How Illicit Drug Use Affects Business and the Economy

The Federal Government and business community are increasingly recognizing the negative consequences of substance abuse on the U.S. economy and the Nation’s workforce. Abuse of drugs and alcohol is costly for our society and, left untreated, places a burden on our workplace, our healthcare system, and our communities. A number of reports and surveys highlight the detrimental effects substance abuse has on business productivity and competitiveness as it also increases workplace injuries and absenteeism.

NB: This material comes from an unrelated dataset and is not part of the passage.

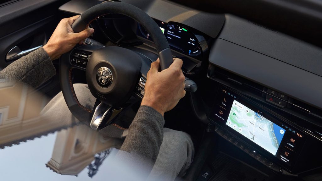 Στο εσωτερικό, σε αντίθεση με το trend της εποχής, δεν σε κερδίζει η οθόνη αλλά το τριάκτινο τιμόνι. Ο σχεδιασμός είναι οδηγοκεντρικός και η κεντρική οθόνη των 10,25 ιντσών είναι στραμμένη προς τον οδηγό. Ψηφιακή είναι και η οθόνη στην θέση του πίνακα οργάνων διαγωνίου 10,1 ιντσών. Τα υλικά είναι ευχάριστα στην όψη και πείθουν με το φινίρισμά τους. Στον τομέα των χώρων η Junior τα πάει πολύ καλά, τόσο για τους επιβάτες όσο και για τις αποσκευές (415 λίτρα), έχοντας και αρκετές θήκες για μικροαντικείμενα στο εσωτερικό.

The following data provide a stark illustration of consequences of drug use in our society.

Economic Costs

The economic cost of drug abuse in the United States was estimated at $193 billion in 2007,1 the last available estimate. This value includes:

  • $120 billion in lost productivity, mainly due to labor participation costs, participation in drugabuse treatment, incarceration, and premature death;
  • $11 billion in healthcare costs – for drug treatment and drug‐related medical consequences; and
  • $61 billion in criminal justice costs, primarily due to criminal investigation, prosecution and incarceration, and victim costs.

Labor Force

  • In 2009, the majority (67%) of current drug users aged 18 or older were employed, either full‐time (48%) or part‐time (19%), with the unemployed accounting for 13% and the remaining 21% not in the labor force.
  • Among full‐time workers aged 18 or older, nearly one in 12 (8%) reported past‐month (current) use of an illicit drug in 2009.3 Unemployed workers were twice as likely – one in six (17%) – to report current drug use in 2009.

Turnover and Absenteeism

  • From 2002 to 2004, full‐time workers aged 18‐64 who reported current illicit drug use were more than twice as likely as those reporting no current illicit drug use to report they had worked for three or more employers in the past year (12.3% versus 5.1%).
  • In the same period, full‐time workers who were current drug users were more likely to report missing two or more workdays in the past month due to illness or injury, when compared with workers who were not current users (16.4% vs. 11.0%).
  • Full‐time workers who were current drug users also were about twice as likely as non‐users to skip one or more days of work in the past month (16.3% vs. 8.2%).

School Performance

  • Students who are not current marijuana users are more than twice as likely to report an average grade of “A” than those who are current users of marijuana (30.5% vs. 12.5%).
  • College students who use prescription stimulant medications for non‐medical purposes typically have lower grade point averages and are more likely to be heavy drinkers and users of other illicit drugs. They also are more likely to meet diagnostic criteria for dependence on alcohol and marijuana, skip class more frequently, and spend less time studying.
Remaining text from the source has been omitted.